> [Recorded data]:

=== Begin Enclosure ===

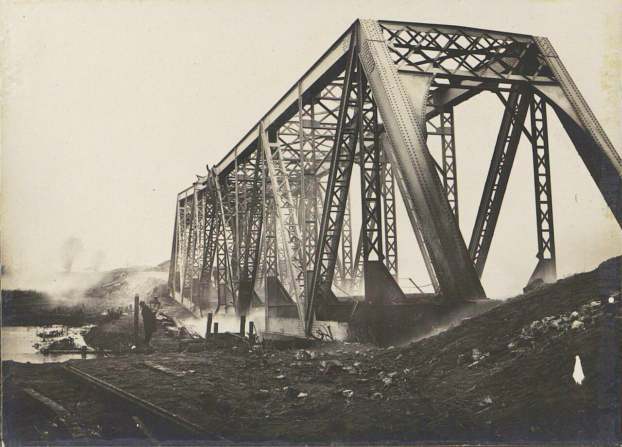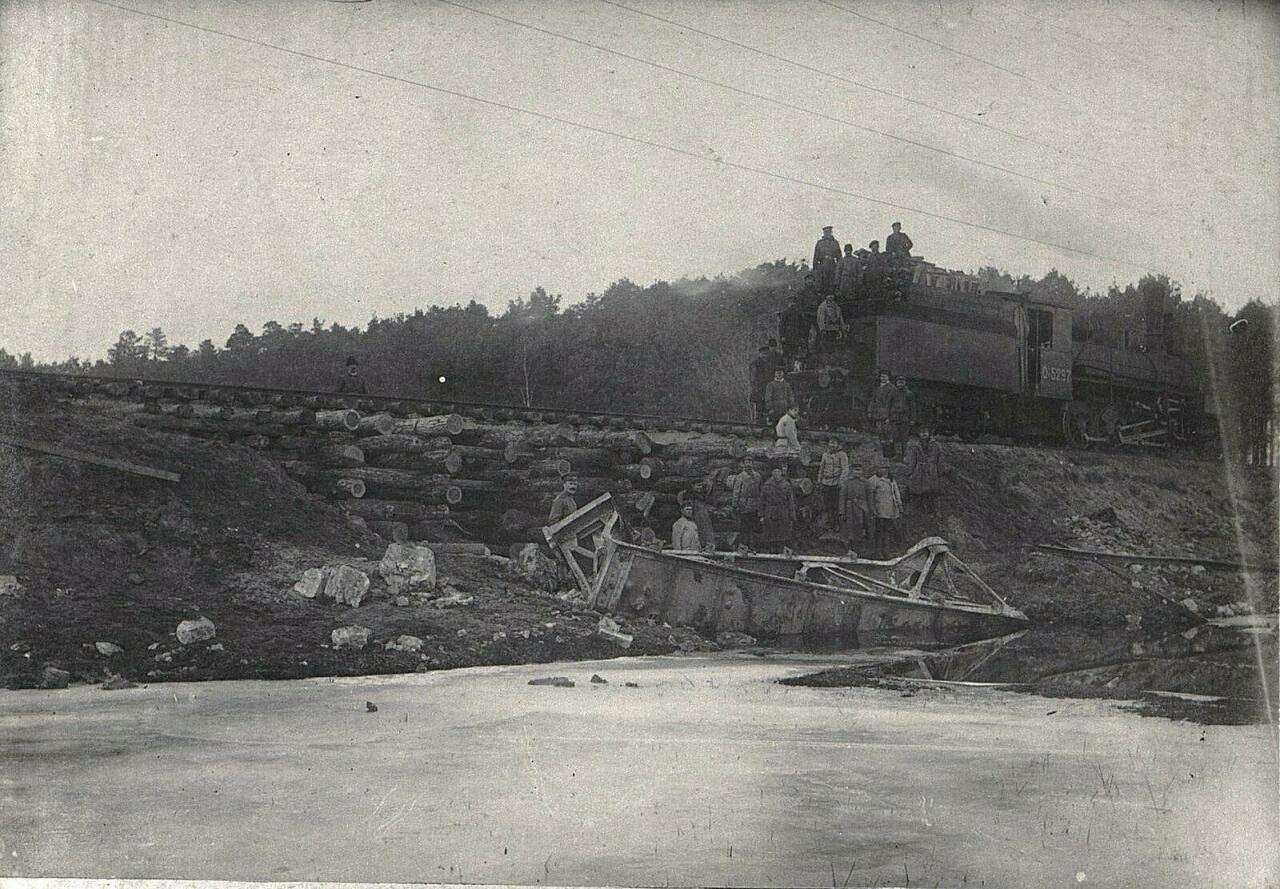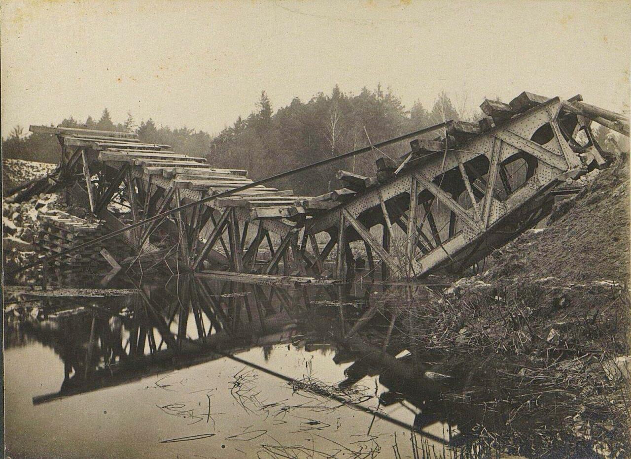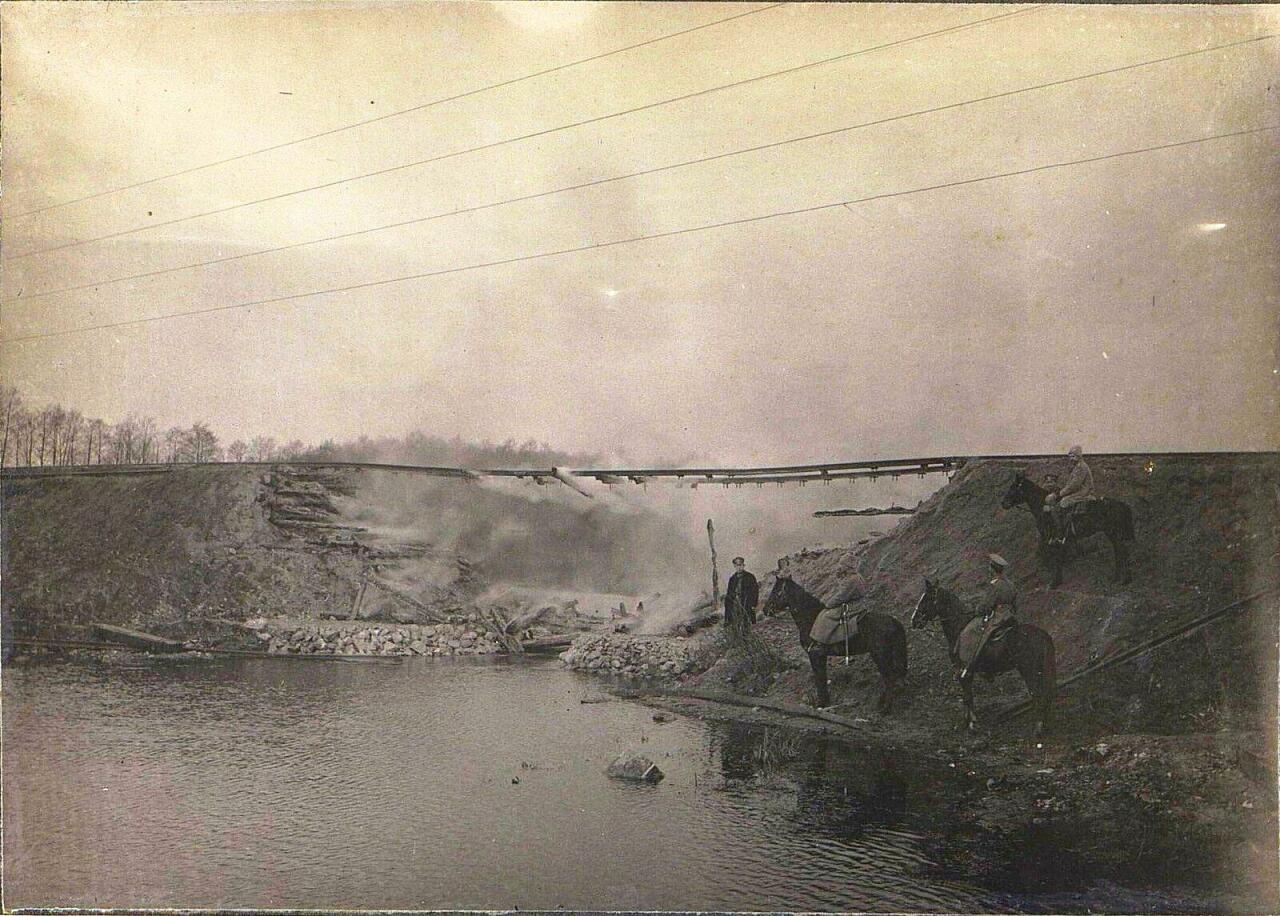Zniszczony most na 44 wiorście linii (zapewne koło Julianki).
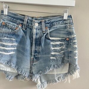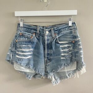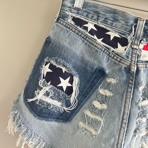 Vintage Levi 501 Cut Off Denim Shorts Distressed American Flag USA -
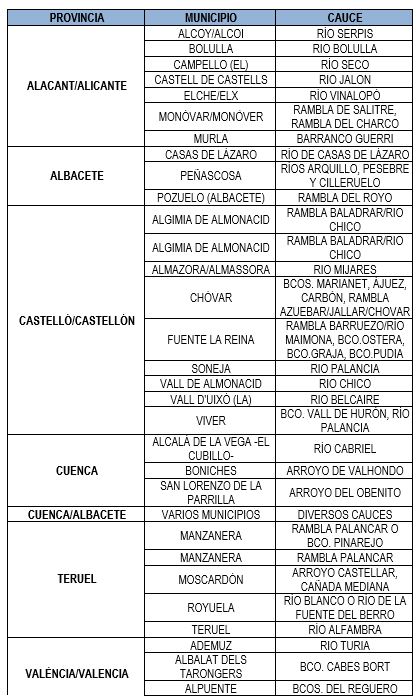 En las siguientes tablas, se listan las actuaciones otorgadas, desglosada por provincia, municipio, y el cauce afectado.
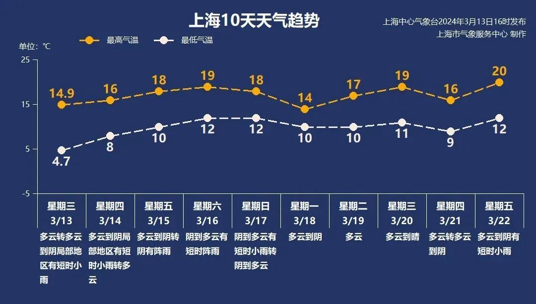 受暖湿气流加强影响,本周五至周日气温继续攀升,最高气温可达18~19℃,最低气温也站上10℃大关,升温的同时伴有阵雨袭扰,出行建议备上雨具。

=== End Enclosure ===

> [What the task requires]:
Your task is to output the material word for word while leaving out every image.

> [Task result]:
Zniszczony most na 44 wiorście linii (zapewne koło Julianki).
 Vintage Levi 501 Cut Off Denim Shorts Distressed American Flag USA -
 En las siguientes tablas, se listan las actuaciones otorgadas, desglosada por provincia, municipio, y el cauce afectado.
 受暖湿气流加强影响,本周五至周日气温继续攀升,最高气温可达18~19℃,最低气温也站上10℃大关,升温的同时伴有阵雨袭扰,出行建议备上雨具。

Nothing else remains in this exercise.